#### TASK OBJECTIVE:
Give the listing again, word for word, and let no picture into it.

[[ DATA BELOW open ]]

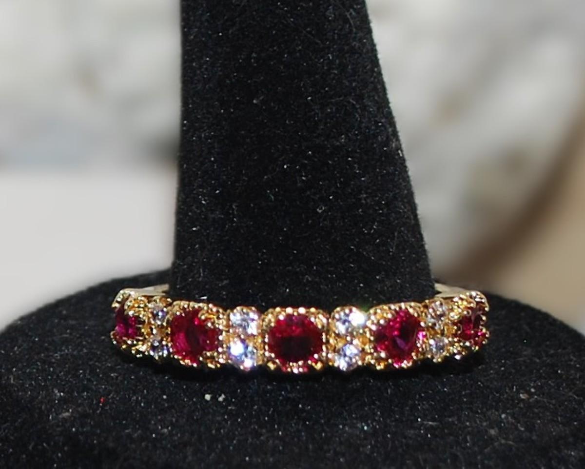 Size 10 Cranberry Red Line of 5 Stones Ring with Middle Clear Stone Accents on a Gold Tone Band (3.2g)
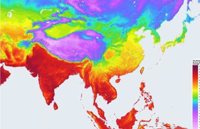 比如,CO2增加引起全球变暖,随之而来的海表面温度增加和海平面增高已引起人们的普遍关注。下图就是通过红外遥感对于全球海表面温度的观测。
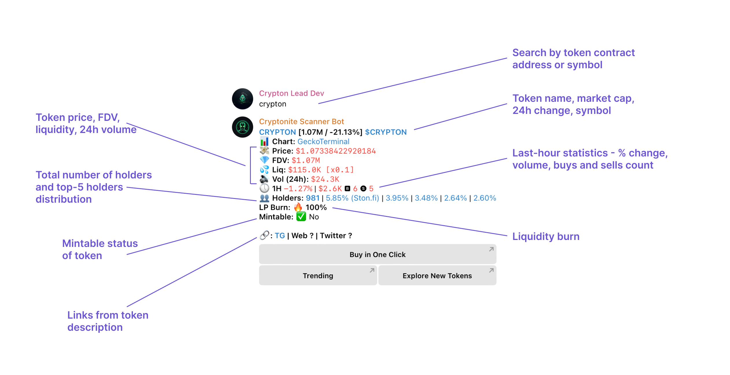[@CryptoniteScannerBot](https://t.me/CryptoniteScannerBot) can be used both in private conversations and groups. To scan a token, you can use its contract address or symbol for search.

[[ DATA BELOW closed ]]

#### ANSWER TO THIS EXERCISE:
 Size 10 Cranberry Red Line of 5 Stones Ring with Middle Clear Stone Accents on a Gold Tone Band (3.2g)
 比如,CO2增加引起全球变暖,随之而来的海表面温度增加和海平面增高已引起人们的普遍关注。下图就是通过红外遥感对于全球海表面温度的观测。
[@CryptoniteScannerBot](https://t.me/CryptoniteScannerBot) can be used both in private conversations and groups. To scan a token, you can use its contract address or symbol for search.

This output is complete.